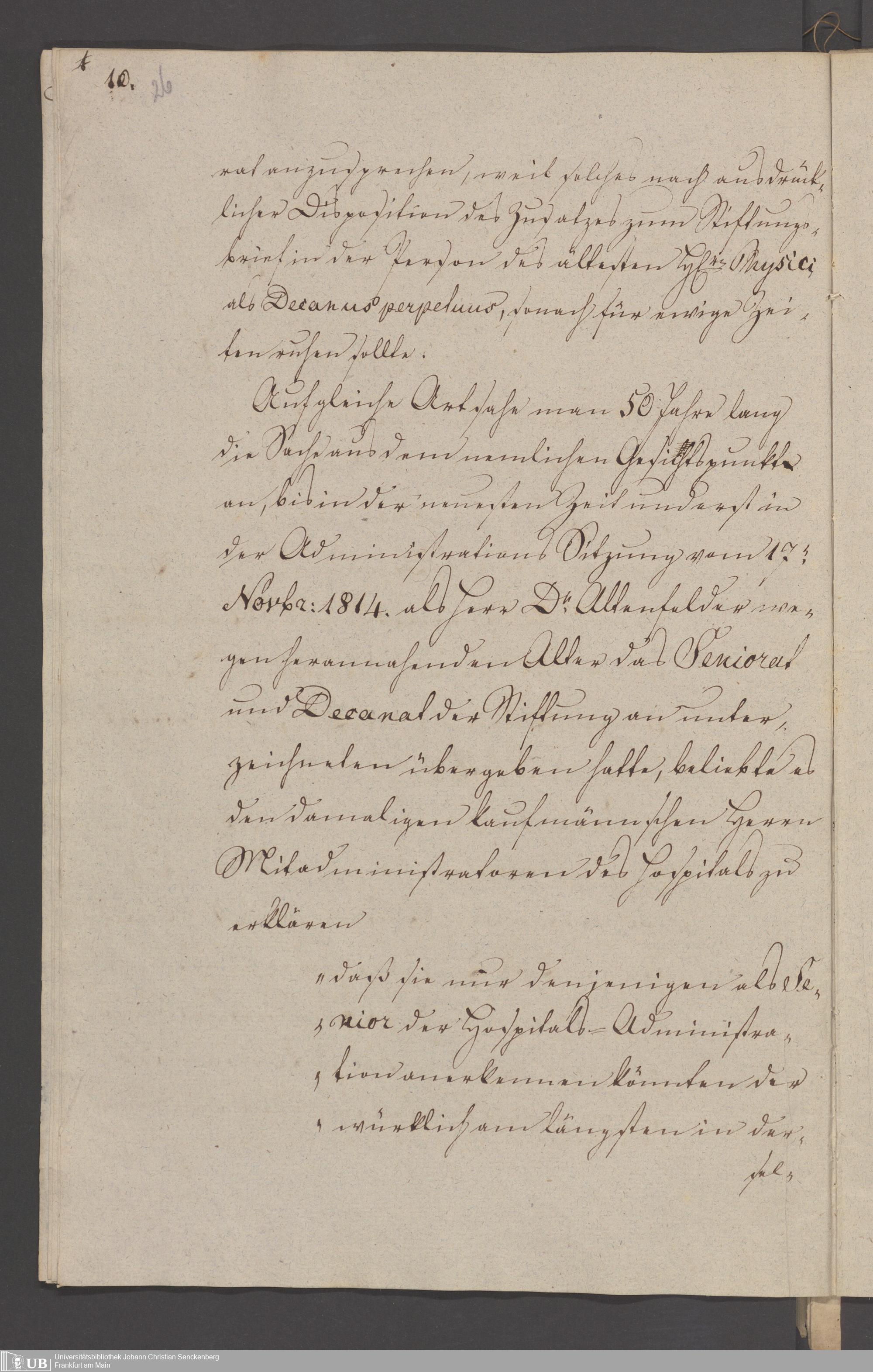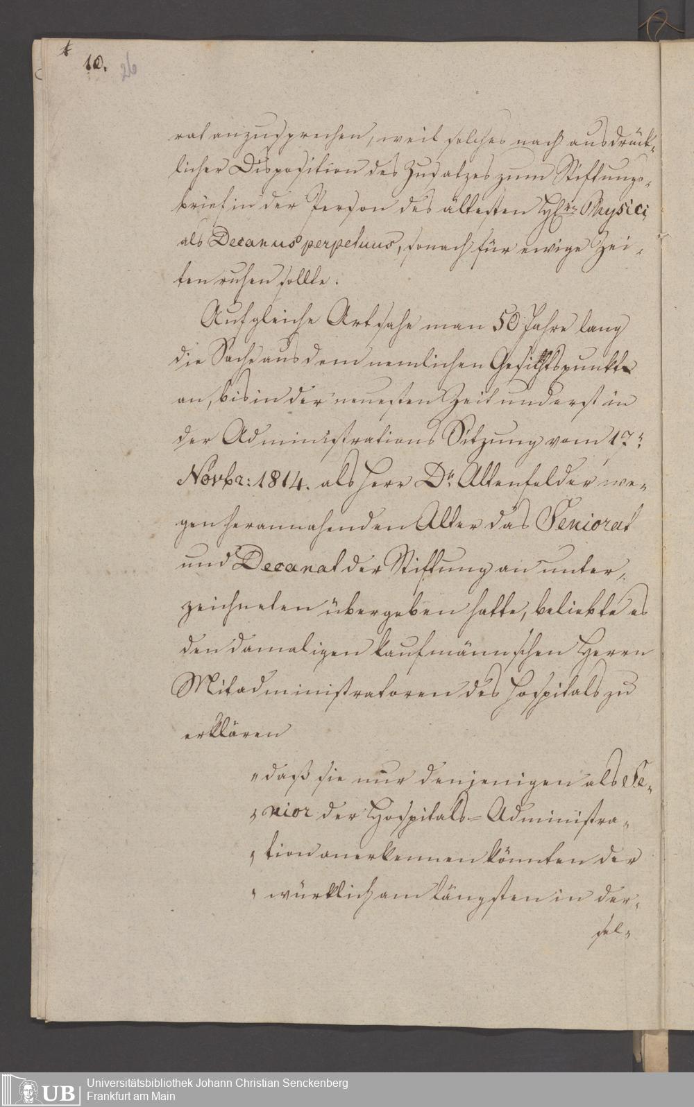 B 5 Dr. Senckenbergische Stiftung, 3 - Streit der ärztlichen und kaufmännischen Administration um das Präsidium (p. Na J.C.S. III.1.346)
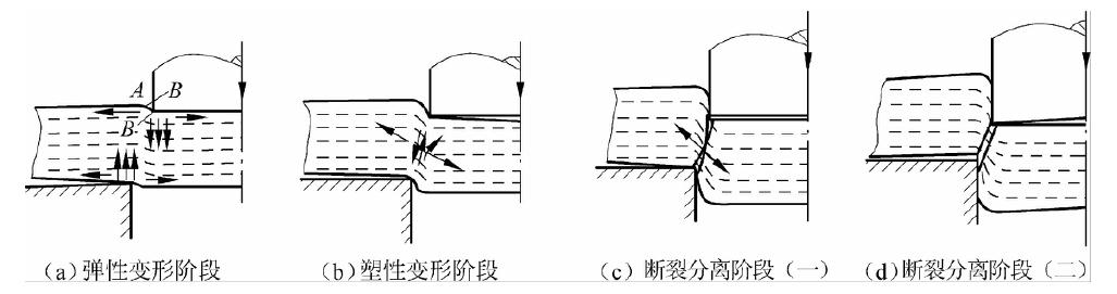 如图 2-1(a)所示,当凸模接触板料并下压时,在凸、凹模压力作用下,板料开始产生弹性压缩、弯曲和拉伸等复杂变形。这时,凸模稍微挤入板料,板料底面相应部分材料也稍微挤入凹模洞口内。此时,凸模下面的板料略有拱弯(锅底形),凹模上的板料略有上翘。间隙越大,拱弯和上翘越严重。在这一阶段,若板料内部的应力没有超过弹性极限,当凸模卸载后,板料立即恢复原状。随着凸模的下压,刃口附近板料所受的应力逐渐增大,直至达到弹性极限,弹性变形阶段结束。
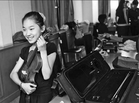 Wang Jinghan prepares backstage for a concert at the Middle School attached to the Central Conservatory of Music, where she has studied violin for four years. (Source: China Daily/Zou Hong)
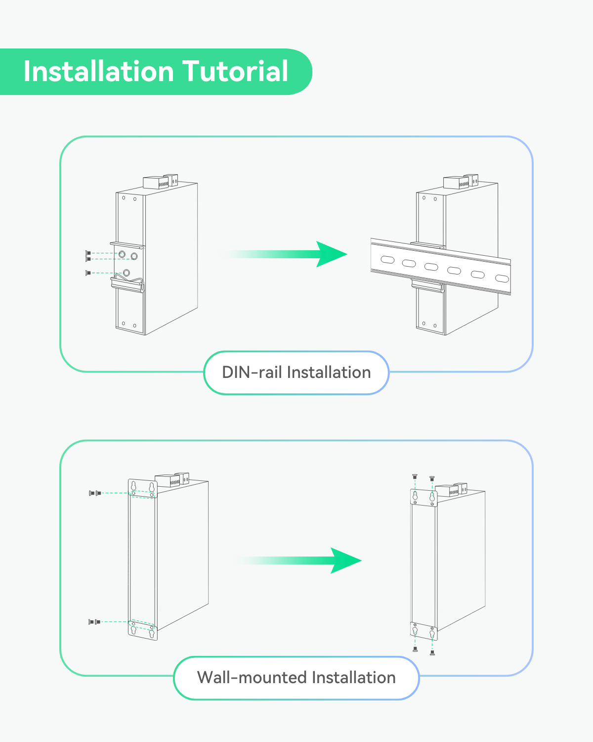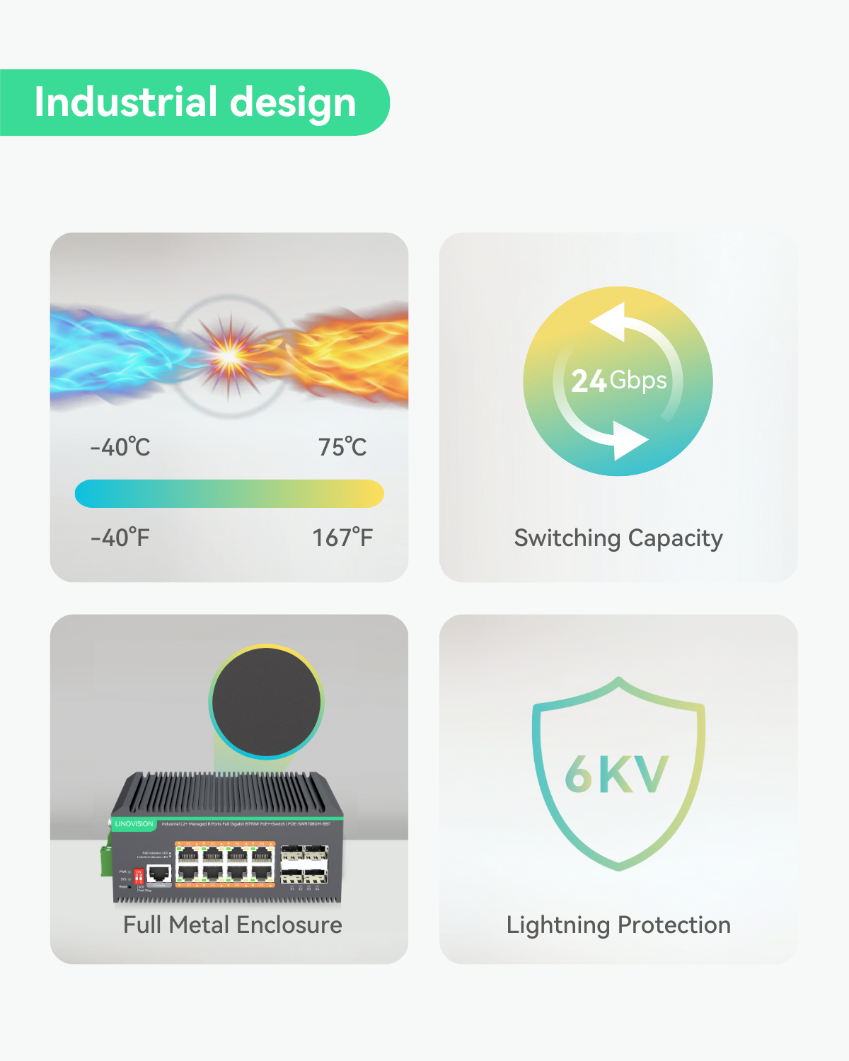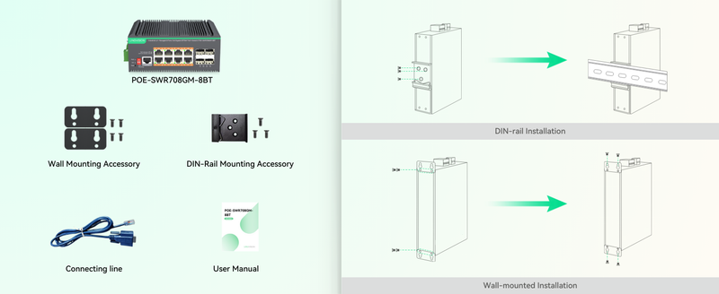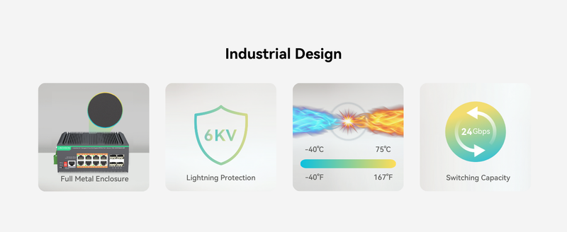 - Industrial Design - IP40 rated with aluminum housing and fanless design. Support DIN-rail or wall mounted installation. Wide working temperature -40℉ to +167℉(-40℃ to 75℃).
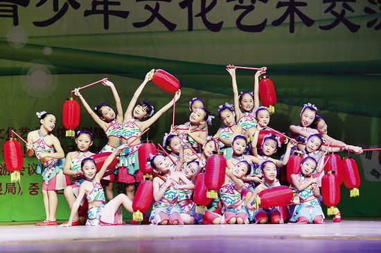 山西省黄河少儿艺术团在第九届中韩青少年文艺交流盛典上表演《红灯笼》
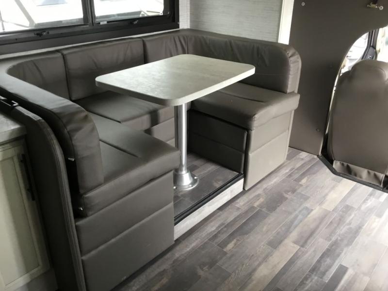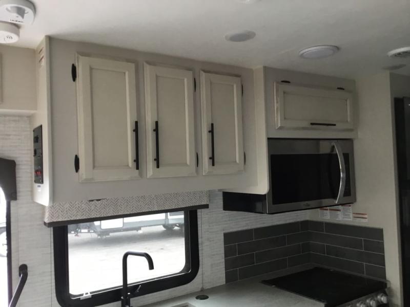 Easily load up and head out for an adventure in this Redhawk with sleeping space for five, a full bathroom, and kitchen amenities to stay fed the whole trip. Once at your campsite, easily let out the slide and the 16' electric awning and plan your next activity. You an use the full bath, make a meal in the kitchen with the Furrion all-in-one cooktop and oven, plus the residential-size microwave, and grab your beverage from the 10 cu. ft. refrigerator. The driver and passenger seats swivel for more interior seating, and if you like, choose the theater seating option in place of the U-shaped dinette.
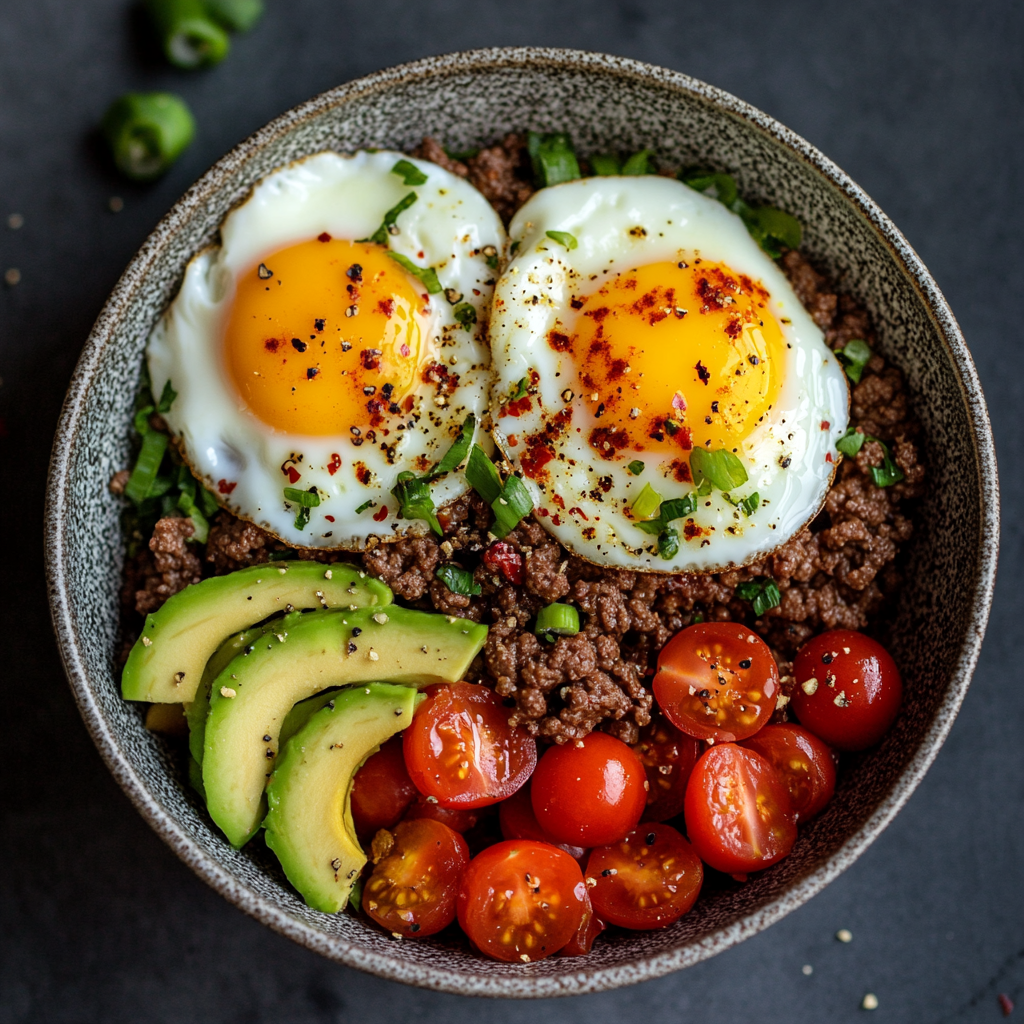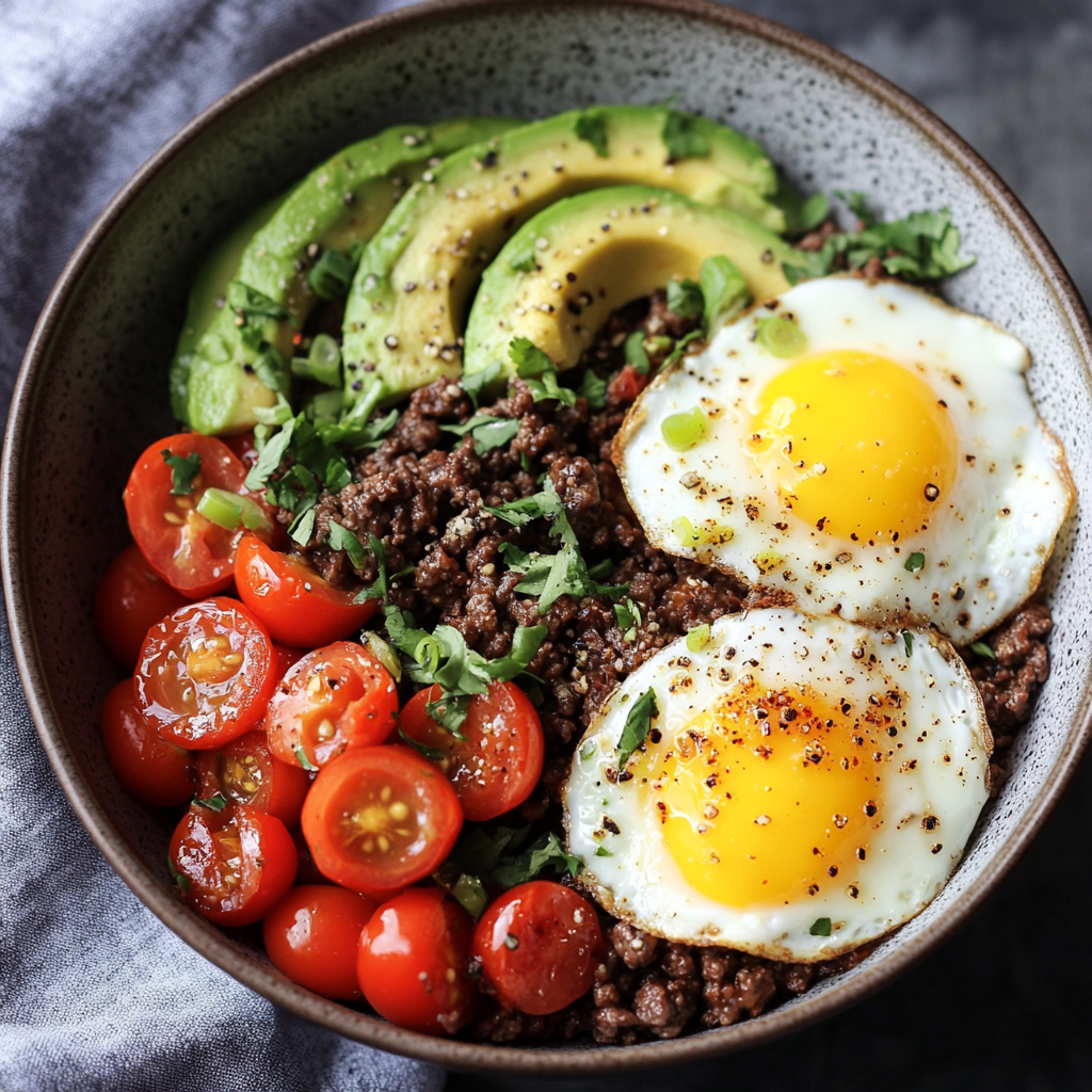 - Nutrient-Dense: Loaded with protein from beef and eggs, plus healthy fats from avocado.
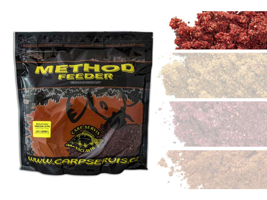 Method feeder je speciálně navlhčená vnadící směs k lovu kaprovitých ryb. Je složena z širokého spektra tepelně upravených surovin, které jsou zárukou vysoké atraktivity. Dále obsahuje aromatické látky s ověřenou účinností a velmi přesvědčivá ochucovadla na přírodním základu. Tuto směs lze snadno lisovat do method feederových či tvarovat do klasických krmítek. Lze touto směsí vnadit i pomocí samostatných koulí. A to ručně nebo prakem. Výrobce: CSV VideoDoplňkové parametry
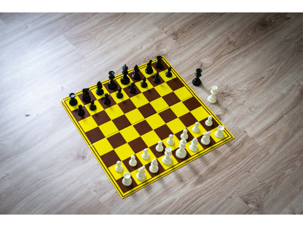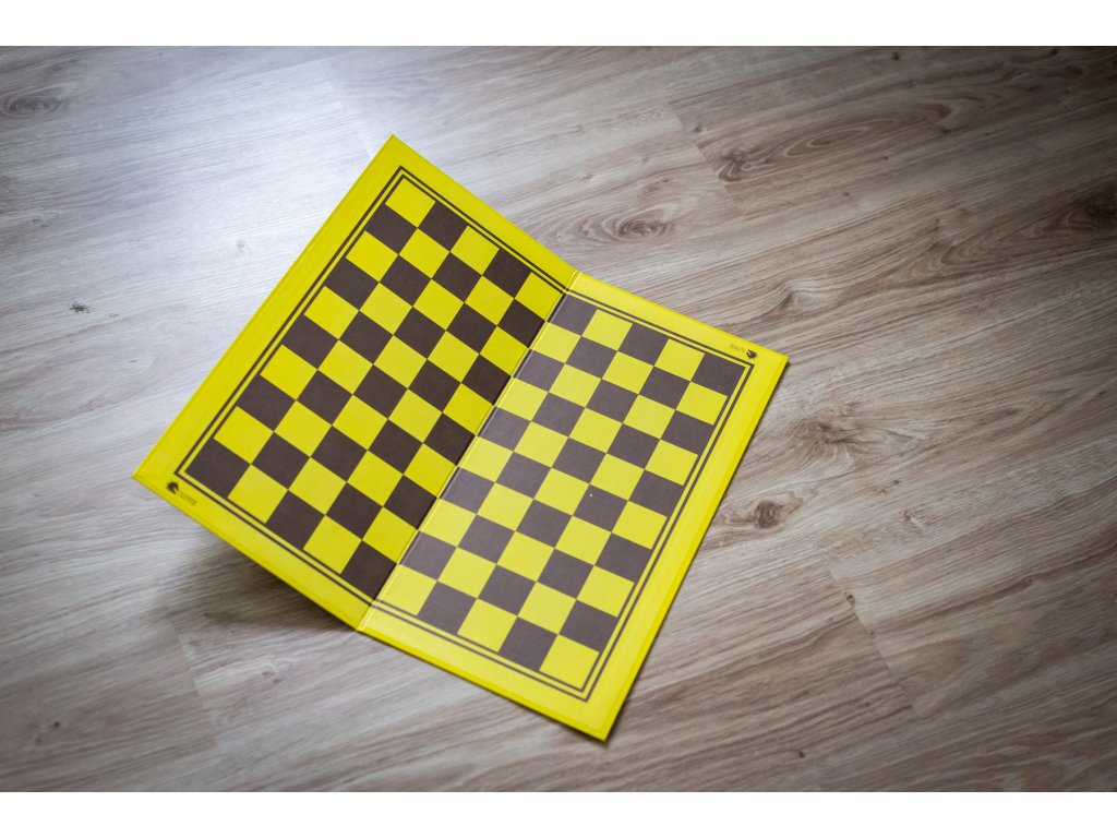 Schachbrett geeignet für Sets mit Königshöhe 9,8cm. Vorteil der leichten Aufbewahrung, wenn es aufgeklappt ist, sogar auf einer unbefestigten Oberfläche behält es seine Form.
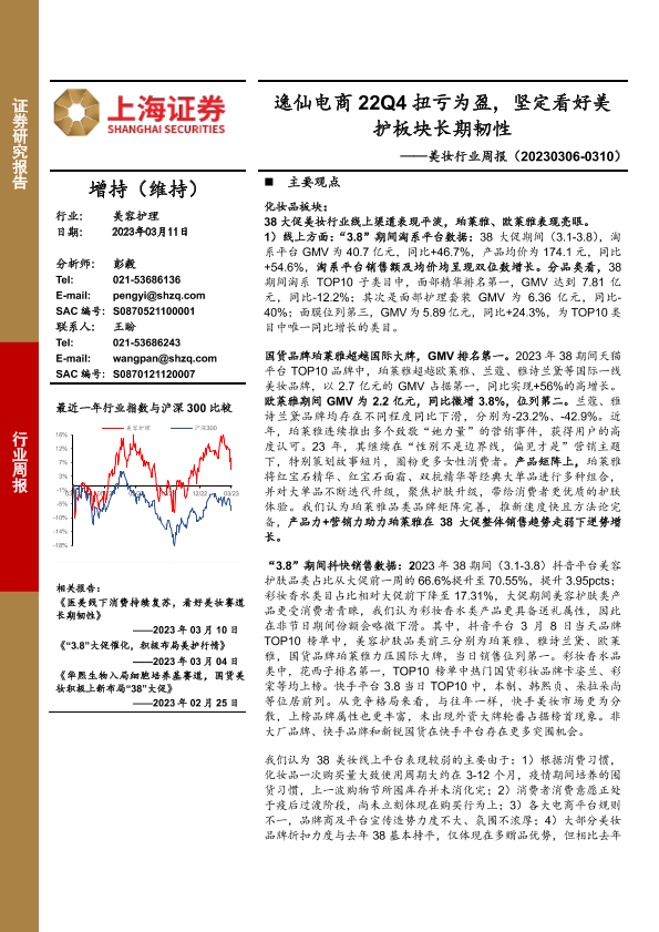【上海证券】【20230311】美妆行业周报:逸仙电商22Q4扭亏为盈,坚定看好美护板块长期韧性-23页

WHAT YOU SHOULD DO: Look above for the line with "Wang Jinghan prepares", then print it and each line after it down to and including the line with "山西省黄河少儿艺术团在第九届中韩青少年文艺交流盛典上表演《红灯笼》". Leave out the pictures and keep the wording exact.

TASK SOLUTION:
 Wang Jinghan prepares backstage for a concert at the Middle School attached to the Central Conservatory of Music, where she has studied violin for four years. (Source: China Daily/Zou Hong)
 - Industrial Design - IP40 rated with aluminum housing and fanless design. Support DIN-rail or wall mounted installation. Wide working temperature -40℉ to +167℉(-40℃ to 75℃).
 山西省黄河少儿艺术团在第九届中韩青少年文艺交流盛典上表演《红灯笼》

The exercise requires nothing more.